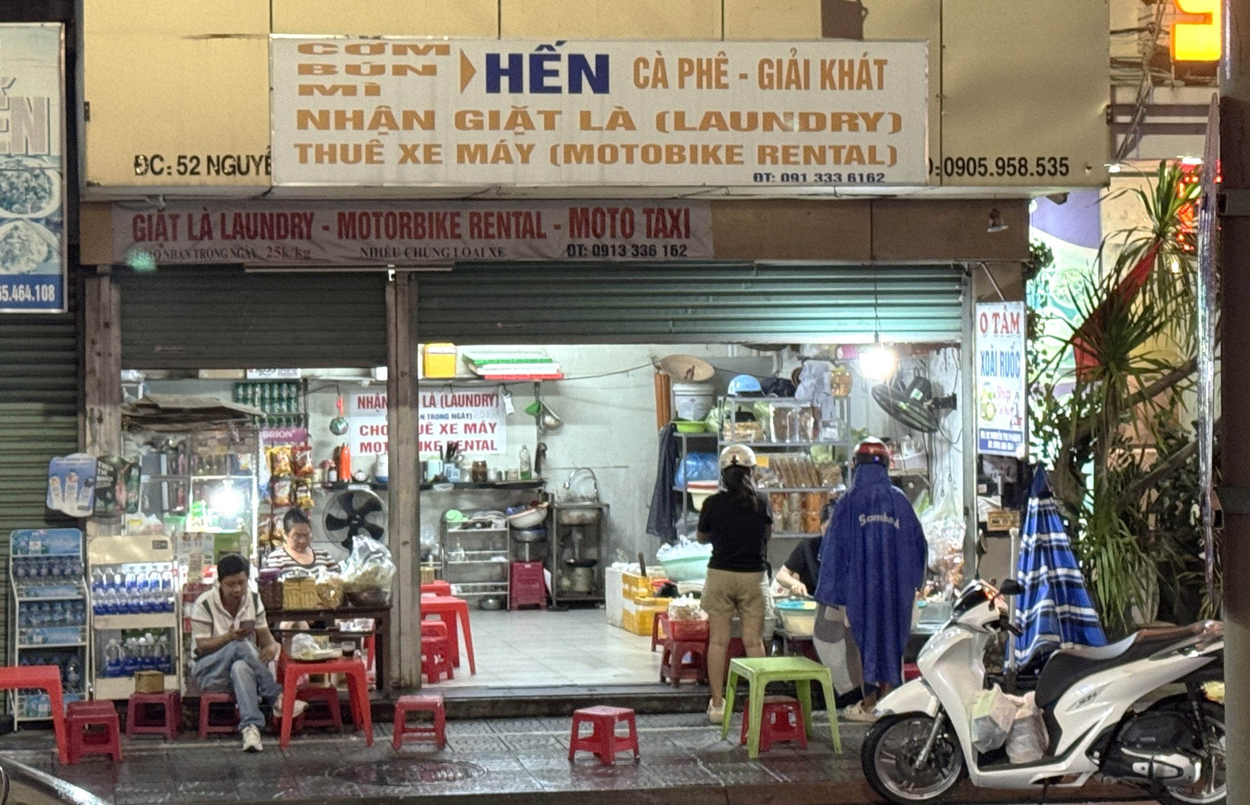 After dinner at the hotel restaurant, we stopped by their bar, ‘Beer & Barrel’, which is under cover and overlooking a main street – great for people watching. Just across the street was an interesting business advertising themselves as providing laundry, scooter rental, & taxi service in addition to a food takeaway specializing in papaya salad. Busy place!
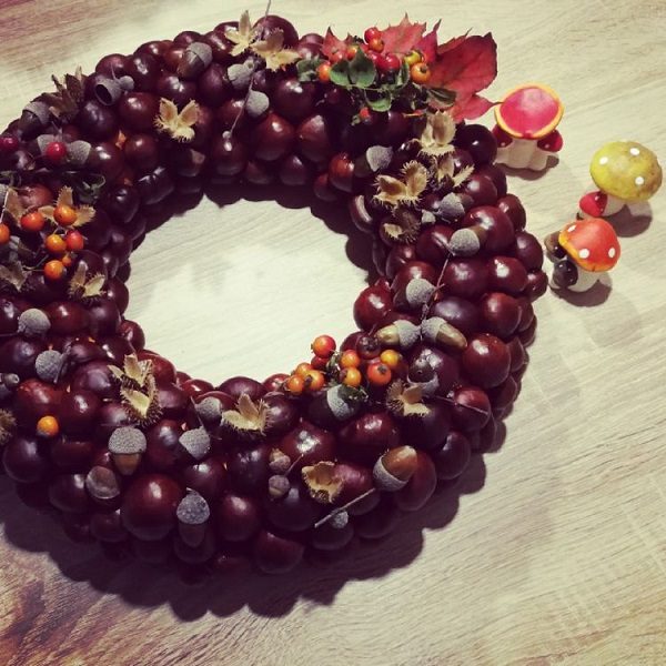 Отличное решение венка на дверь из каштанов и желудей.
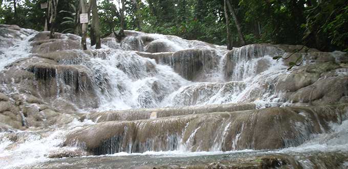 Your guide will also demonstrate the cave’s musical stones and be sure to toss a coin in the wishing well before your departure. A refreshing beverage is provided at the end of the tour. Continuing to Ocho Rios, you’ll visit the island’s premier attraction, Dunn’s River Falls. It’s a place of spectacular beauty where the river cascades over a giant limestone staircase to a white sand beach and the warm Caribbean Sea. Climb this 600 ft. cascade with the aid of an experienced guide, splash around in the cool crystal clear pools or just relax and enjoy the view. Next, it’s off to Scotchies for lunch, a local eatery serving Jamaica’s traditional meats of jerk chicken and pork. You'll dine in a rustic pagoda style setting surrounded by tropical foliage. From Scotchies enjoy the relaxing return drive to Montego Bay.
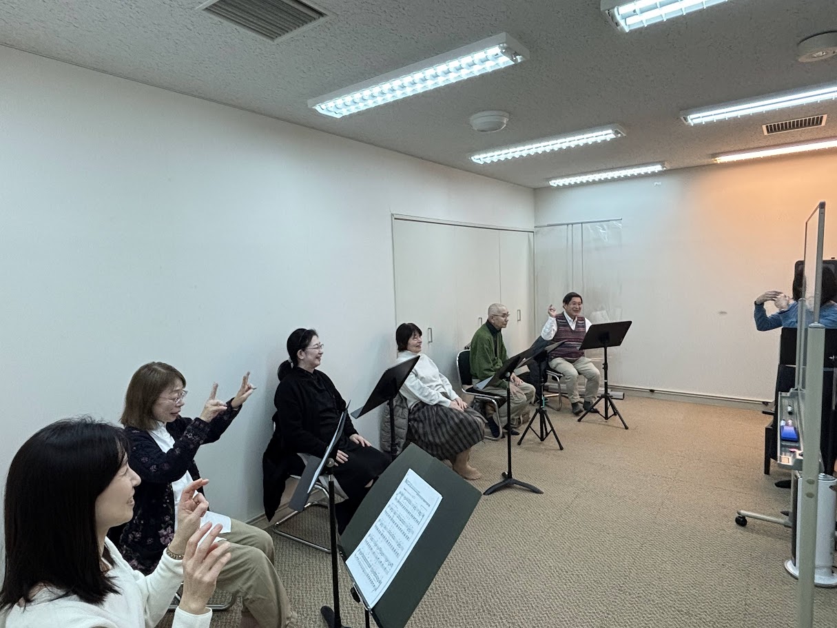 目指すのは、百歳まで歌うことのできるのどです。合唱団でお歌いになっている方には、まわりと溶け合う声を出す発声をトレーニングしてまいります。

--- Required work ---
A verbatim copy of the listing, with all pictures removed, is required.

--- Output below ---
 After dinner at the hotel restaurant, we stopped by their bar, ‘Beer & Barrel’, which is under cover and overlooking a main street – great for people watching. Just across the street was an interesting business advertising themselves as providing laundry, scooter rental, & taxi service in addition to a food takeaway specializing in papaya salad. Busy place!
 Отличное решение венка на дверь из каштанов и желудей.
 Your guide will also demonstrate the cave’s musical stones and be sure to toss a coin in the wishing well before your departure. A refreshing beverage is provided at the end of the tour. Continuing to Ocho Rios, you’ll visit the island’s premier attraction, Dunn’s River Falls. It’s a place of spectacular beauty where the river cascades over a giant limestone staircase to a white sand beach and the warm Caribbean Sea. Climb this 600 ft. cascade with the aid of an experienced guide, splash around in the cool crystal clear pools or just relax and enjoy the view. Next, it’s off to Scotchies for lunch, a local eatery serving Jamaica’s traditional meats of jerk chicken and pork. You'll dine in a rustic pagoda style setting surrounded by tropical foliage. From Scotchies enjoy the relaxing return drive to Montego Bay.
 目指すのは、百歳まで歌うことのできるのどです。合唱団でお歌いになっている方には、まわりと溶け合う声を出す発声をトレーニングしてまいります。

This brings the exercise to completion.